For all the focus on the early music, the one arrangement that just doesn't work for me is the Tristan excerpt.


----------



## Larkenfield

I feel it's a worthy companion to Gould's delightful recording of the early music of Byrd and Gibbons with its lovely counterpoint.


----------



## premont

Mandryka said:


> I found the booklet online, which makes me think that Denk's heart's in the right place


When played on piano - and particularly true of the Ockeghem Kyrie - I find it difficult to tell the voices apart. Instead the pieces get rather homophonic, which seems inauthentic. What he - according to the quote - wants to show- namely the tension between the different intervals, is displayed very much better when the pieces are sung, enabling us to tell the voices apart, so there are no arguments for using piano, other than he himself wants to play the music. But what does it matter to us?


----------



## Mandryka

premont said:


> When played on piano - and particularly true of the Ockeghem Kyrie - I find it difficult to tell the voices apart. Instead the pieces get rather homophonic, which seems inauthentic. What he - according to the quote - wants to show- namely the tension between the different intervals, is displayed very much better when the pieces are sung, enabling us to tell the voices apart, so there are no arguments for using piano, other than he himself wants to play the music. But what does it matter to us?

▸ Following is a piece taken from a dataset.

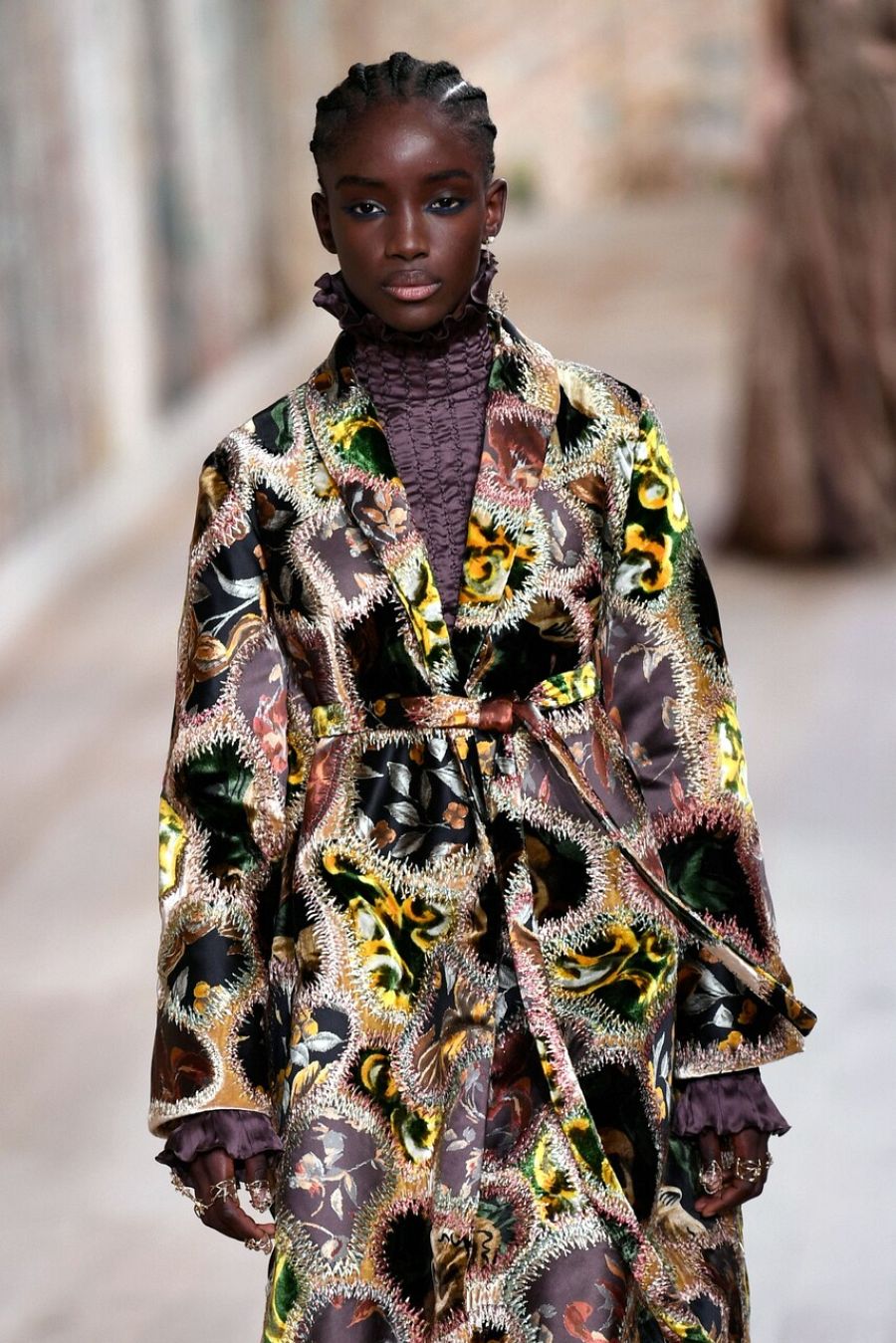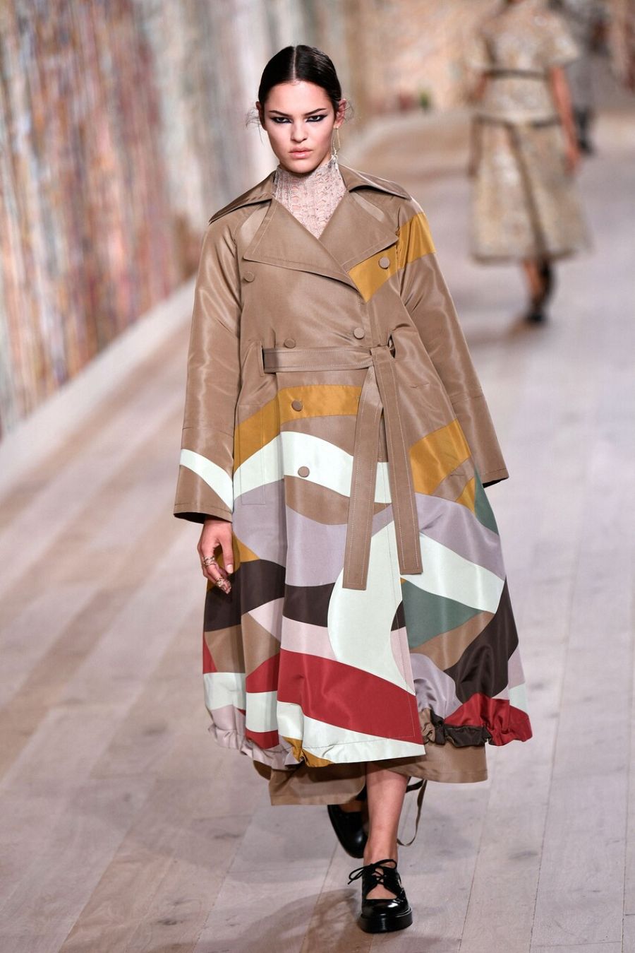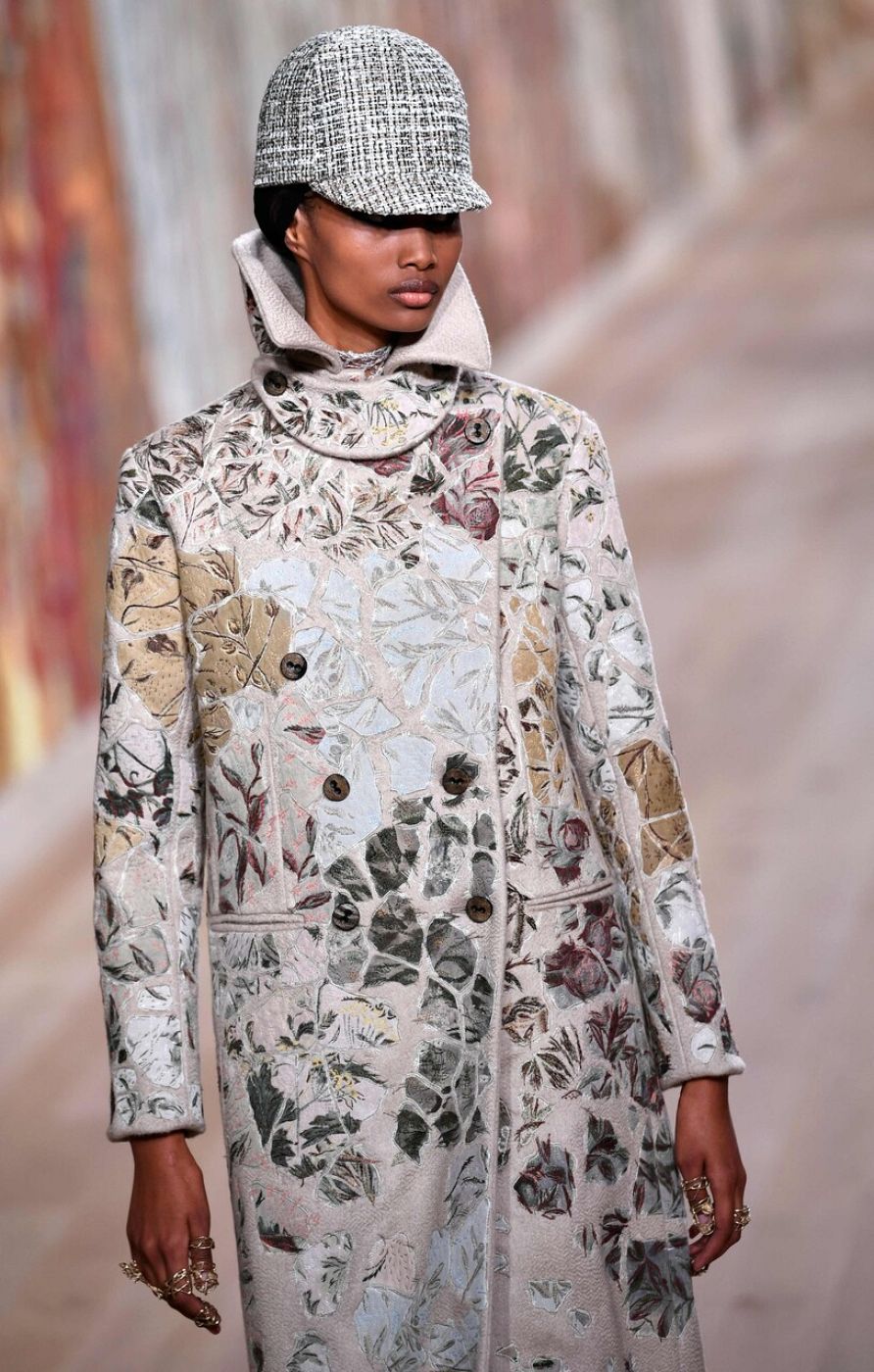 El punto bohemio que tiene Chiuri se aprecia en faldas de seda trabajadas con distintos retales estampados, tipo "patchwork", algo que se repite en los abrigos, que mezclan seda y terciopelo. Las cazadoras cortas, las chaquetas "bomber", las bermudas, las faldas a media pierna, los pantalones cortos y las capas se declinan a golpe de lana, y llaman la atención los diseños más fluidos: vestidos en gasa transparente, estructurados en torno a un corsé, pieza que la casa ha puesto de moda después de ver a Barbara Pravi en el Festival de Eurovisión 2021. Chiuri es una rebelde silenciosa y de vez en cuando lanza una pequeña osadía. Ahora vemos contrastes potentes como los impermeables estampados que se llevan sobre vestidos de plumas y faldas asimétricas.

He can talk the talk but he can't walk the walk.


----------



## isorhythm

It's true that a piano is not an ideal instrument for performing a 15th century four-part vocal mass. Glad we've worked that out.


----------



## Mandryka

There’s an old tradition of making keyboard transcriptions of polyphonic sacred music including mass movements. These are these days most often played on pipe organs, for obvious reasons, and occasionally on harpsichord type instruments too. 

However, René Clemencic has recorded several of these transcriptions on clavichord. And so has Ilton Wjuniski. Not mass movements as far as I can see, but transcriptions of polyphonic motets. 

That gives me hope that a piano performance could be feasible without too much harming the music. But maybe Denk’s not the man, and maybe Denk’s instrument isn’t the best type of piano for the job.


----------



## premont

Mandryka said:


> That gives me hope that a piano performance could be feasible without too much harming the music..


If this is going to make sense, the musician must at least be highly historically informed. And such a musician would probably not choose to play this music on piano. And I still miss the point of doing so.

In Parrott's book "Composers intentions?" (a most interesting book, thanks for the recommendation, Mandryka) there is a quote from Taruskin(quoted from memory): _The most important task of the performer is to find out, how the audience wants the music played, and then do it _.Really a depressing anti-HIP consideration.


----------



## isorhythm

Talking about this album in terms of HIP is both irrelevant and deeply tedious. Time to let it go.


----------



## premont

Well, maybe I am unclear, but I didn't address this album in my last post at all, but the more general question of the piano as a vehicle for Early music.


----------